# Guest capture rate



## chefbigdog (Jun 12, 2006)

I am trying to figure out guest capture rate for hotel dinning outlets. Main dinning room 3 meals, coffee shop only open for breakfast and room service. I was wondering if there are any standards that could be applied. There is little history to go back and look at. The hotel is 329 room with 20000 sf of banquet space. Any help on this would be great.


----------



## shipscook (Jan 14, 2007)

I am thinking of how many of the of people here, who could say how often they dine where they sleep. Am sure there are hotel people here with better #'s.

On vacation if I am in a town with lots of good restaurants, I might have breakfast in the hotel if it is good and explore other places for the rest of the day.
I am one of those people who wake up hungry, so if my first breakfast there is nice you got me.

And have stayed in hotels with great food and enjoy it almost every evening.

If I am working (that would be getting a ship ready for a job) I work crazy long hours--off before room service starts, often have something in my room, but often have room service dinner.

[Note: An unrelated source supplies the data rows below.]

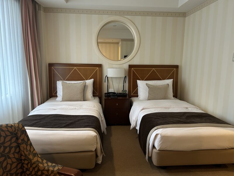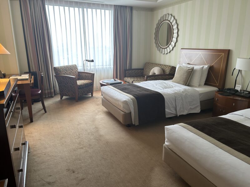 車で来る家族や友人を気軽に呼びやすく、部屋で過ごすもよし、帝国ホテルのレストランで一緒に食事するもよしでした。
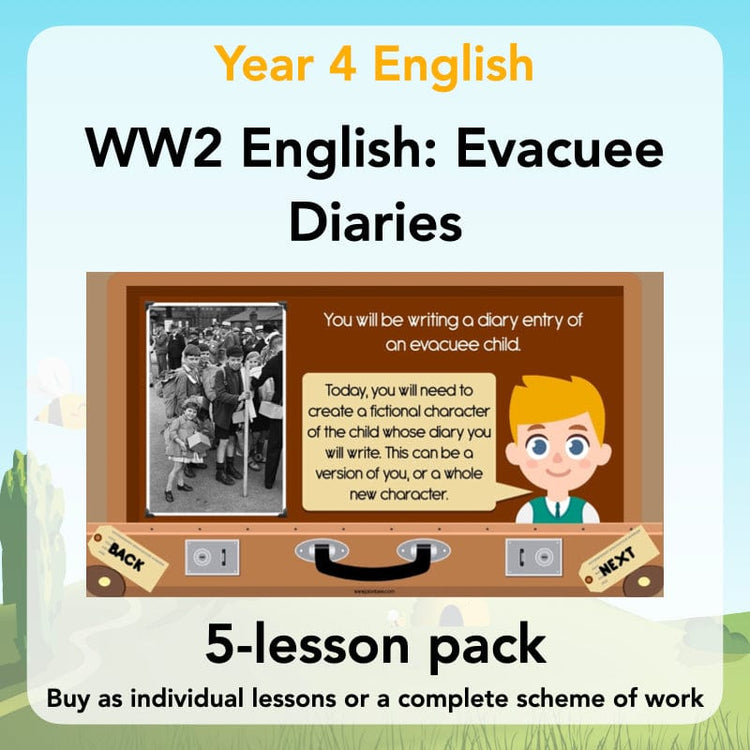 This five-lesson World War 2 evacuee diary entries planning pack will guide your Year 4 class in creating a 1939 evacuee character and writing from their perspective in WW2 diary entries.
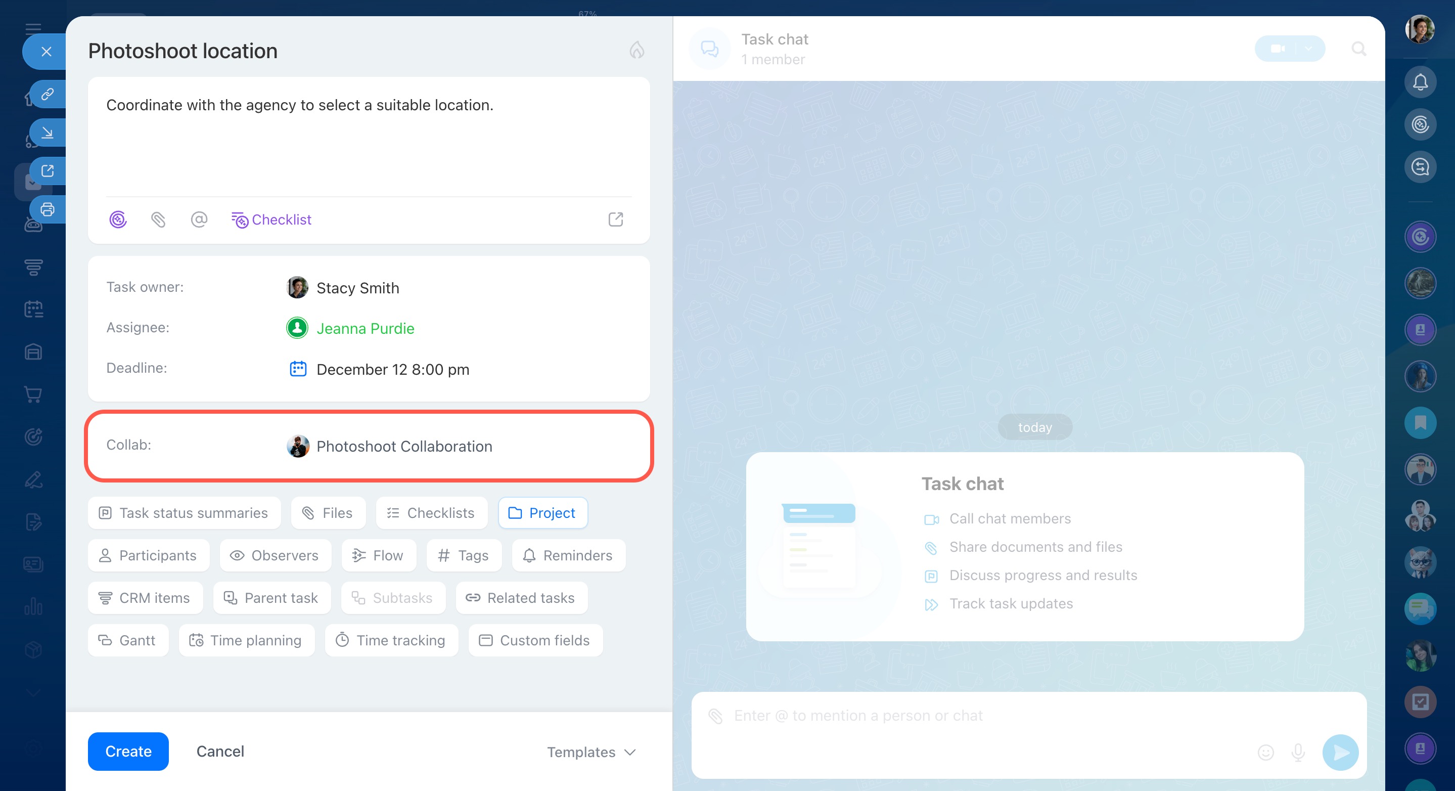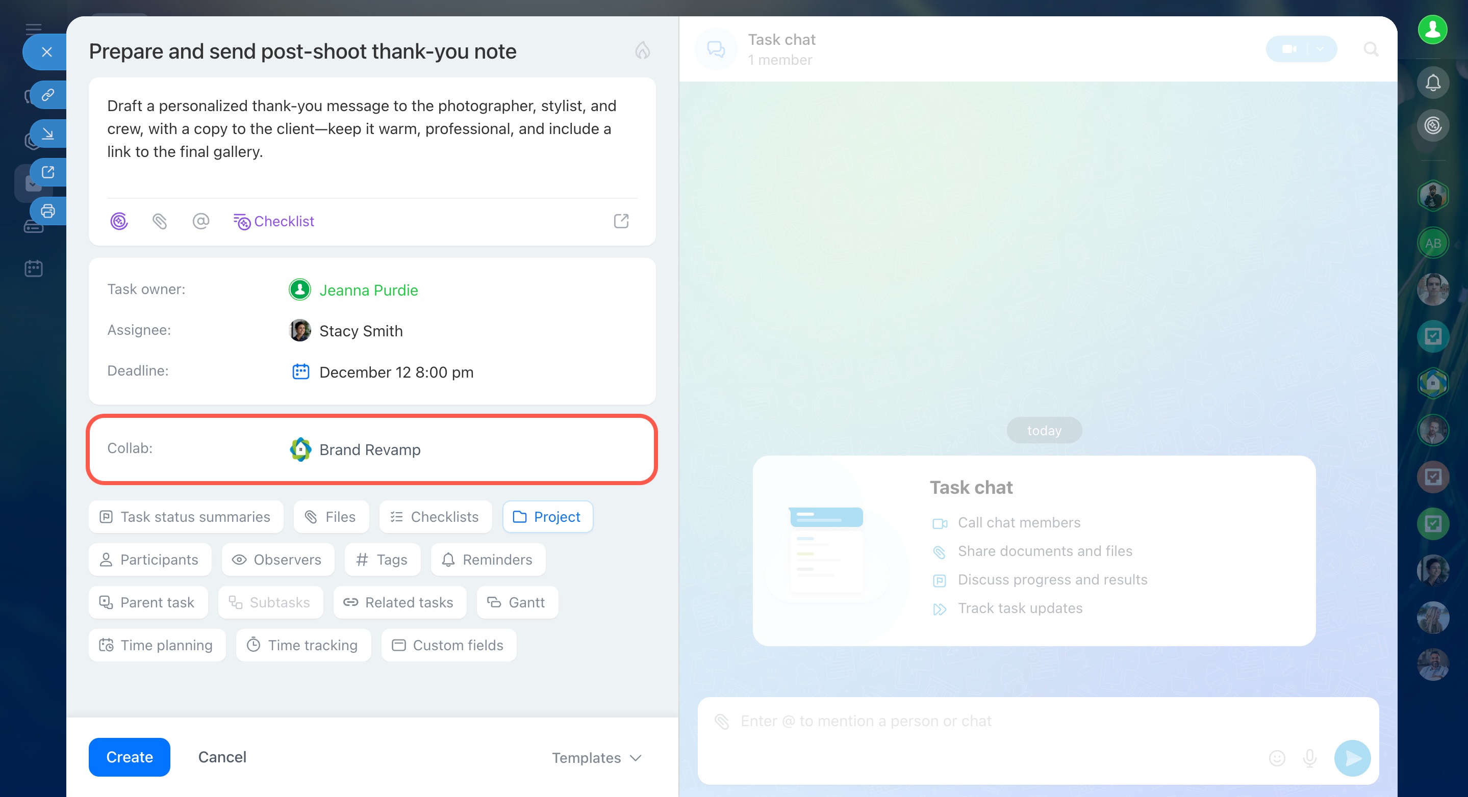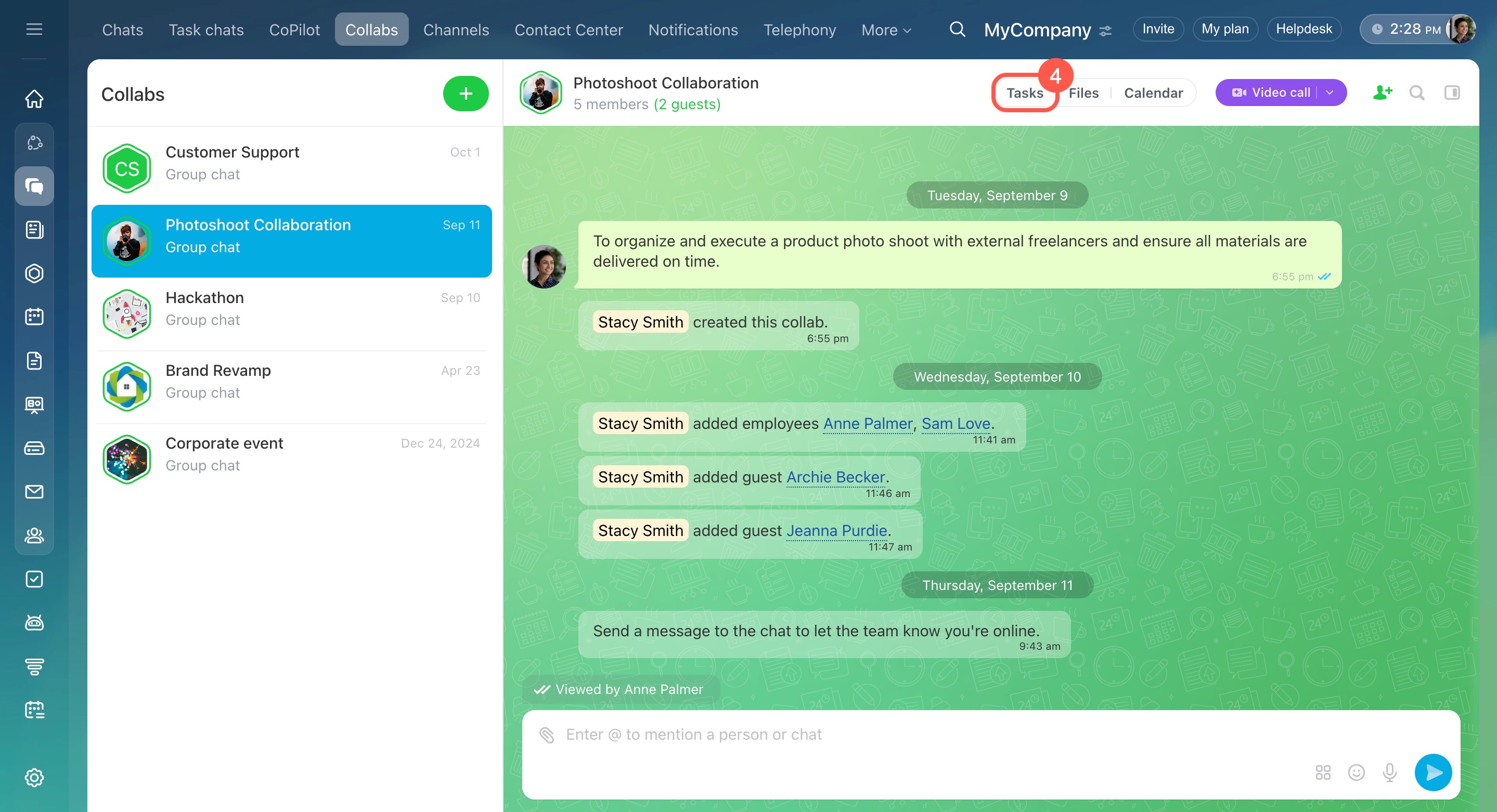 Une collab est un espace de collaboration avec des clients et des équipes externes. Discutez dans le chat, invitez des participants à des événements, travaillez avec des fichiers et attribuez des tâches. Les tâches dans les collabs aident à passer rapidement des accords aux actions concrètes. Les participants verront toutes les tâches de la collab, même s'ils n'y participent pas.
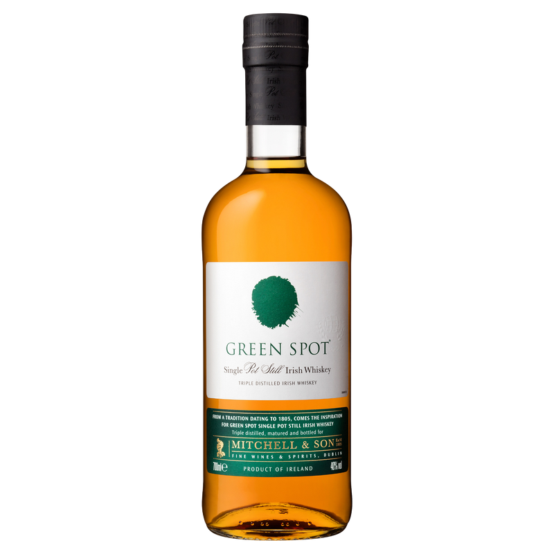 Green Spot Irish Whiskey is a classic single pot still Irish whiskey distilled in Midleton, County Cork, and matured in a combination of wine, sherry, and port casks. Named after the historic practice of marking aging barrels with a spot of paint to indicate maturity, it is crafted from a blend of whiskies aged on average 7-9 years. The nose offers fresh aromatic oils, spices, orchard fruits, and barley over toasted wood. The palate is full and spicy with hints of clove and the sweet freshness of green apples, leading to a lingering finish of warm spices, toasted oak, and barley.
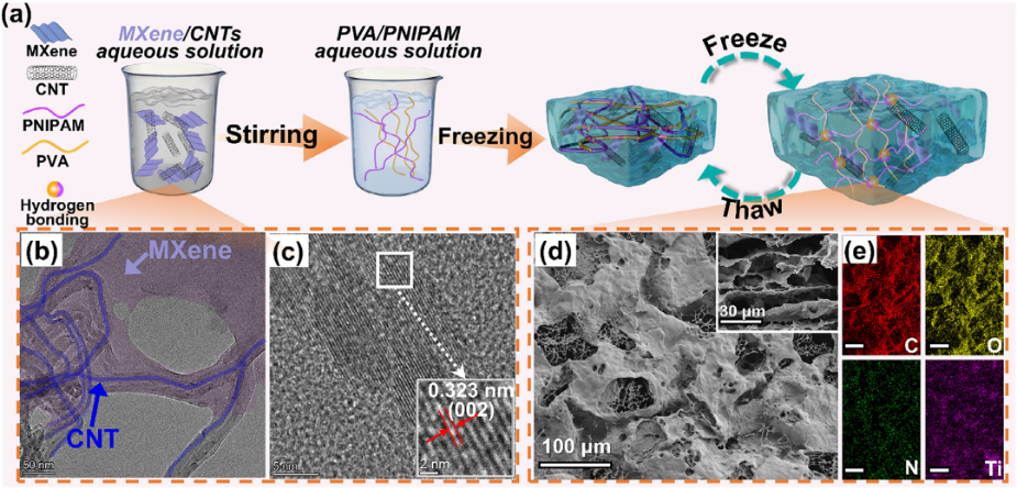 本文制备了一种温度响应型相变水凝胶。通过精确控制材料配比,将MXene与长碳纳米管结合,在PVA和PNIPAM互穿的温敏水凝胶中形成热阻网络。水凝胶具有可调节的屏蔽性能,可以通过改变厚度来调节。此外,它还可以根据环境变化开启/关闭可切换的电磁干扰屏蔽。在厚度为1mm时,水凝胶的电磁干扰屏蔽效能(EMI SE)从16.2dB下降到9.3dB。在厚度为2mm时,EMI SE从27.0下降到11.3dB。此外,在厚度为4mm时,EMI SE从53.9dB下降到37.0dB。由于互穿的聚合物网络促进了可逆的氢键,以及MXene和CNTs之间的粘合相互作用,水凝胶具有显著的自愈性能。愈合后的水凝胶保持了52.1dB的高EMI SE,愈合效率为96.7%。电磁干扰屏蔽开关为制造各种领域的电磁干扰屏蔽材料提供了一种创新策略,例如无线通信,智能可穿戴设备和自修复电子系统,其中动态和自适应电磁屏蔽至关重要。
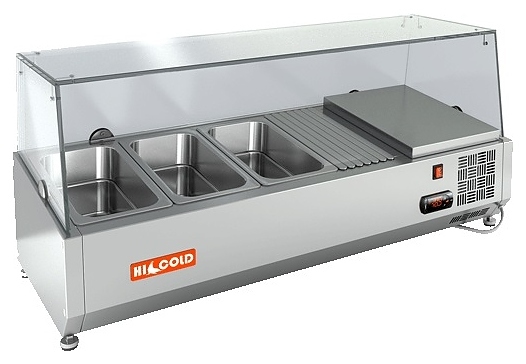 Настольная холодильная витрина HICOLD VRTG 1000 используется на предприятиях общественного питания и торговли для демонстрации, охлаждения и кратковременного хранения салатов, гарниров, закусок и других готовых блюд. Модель оснащена стеклянной надстройкой и специальным креплением для стола. Изделие выполнено из нержавеющей стали.
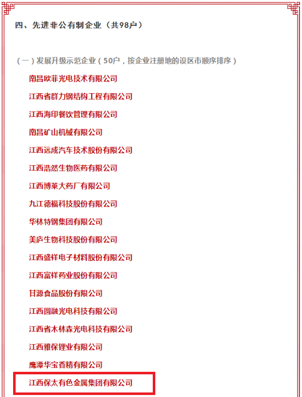 On June 28, 2018, the Jiangxi Provincial CPC Committee and theprovincial government praised "2015 / 2017 for the advanced units andindividuals in the non-public sector of the economy." Baotai Group wasawarded the title of "Advanced Units in the non-public sector of JiangxiProvince." Baotai Group is the only recognized advanced non-publicenterprise (development and upgrading demonstration enterprise) in YujiangCounty.
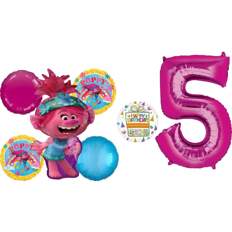 Poppy World Tour 5th Birthday Party Supplies Trolls 7pc Balloon Bouquet Decorations
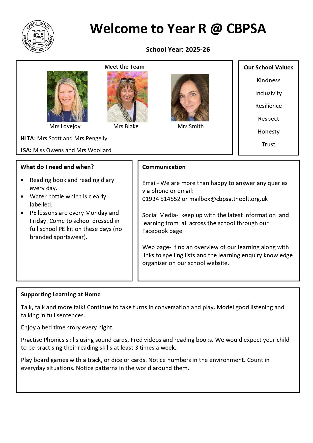 If you have any concerns or queries regarding your child during the academic year, then please contact the class teachers via email or call the school office (email- mailbox@cbpsa.theplt.org.uk)

I would think a good gauge would be how many local people dine there?? One of my favorite hotel restaurants, where I stay often, is always packed with locals.

Nan


----------



## even stephen (Oct 10, 2005)

Funny you should ask....just last week I was in a meeting....and am in the
process of starting to do my own forecasts. I've got roomservice, sushi bar, restaurant, pool bar grill, cafe, and coffee bar. Your going to need some historical data. Your also going to need to split things into categories....everything is going to driven by rooms, as thats the way it flows
in large resorts or hotels....leisure rooms, group rooms, and perhaps owners.
As I am in the middle of it....I haven't quite got it licked yet....still getting help from accounting. Shoot me a private message if you like...would be happy to share a spread sheet. I am definitely not an accountant or bean counter, but, it really shows some initiative when you can participate and be aware of these types of things....first step to moving into a controller position, which seems more appealing the older I get....have a great day.
even stephen.


----------



## even stephen (Oct 10, 2005)

Chef Big Dog,
me again....what system does the hotel use???? Jonas....?...
Been working on same thing today....As close as I can tell with 
capture rate for outlets...averaged....it's leisure rooms+group rooms*10%
+comp rooms.....thats what I am working with here.....the 10% is an average
number gathered over the last 16 to 18 months....so that gives you a total available occupied rooms to use...you then pull up your food and your beverage sales....last years if your concept has not changed....and your covers per room.....and plug it into an incomplete spreadsheet using your forecasted or actual leisure and group rooms....take into account fluctuation in prices and changes in concepts....resulting in lower or higher food sales per available occupied room. Banquets will be easier....just group rooms *your total f&b revenue per room. Last years numbers....anyway
I can send you a spreadsheet if you like.....hope I didn't confuse the heck out of you....I am assuming by asking for a capture rate...you were trying to forcast labor, revenue, and other costs as well....good luck.....


----------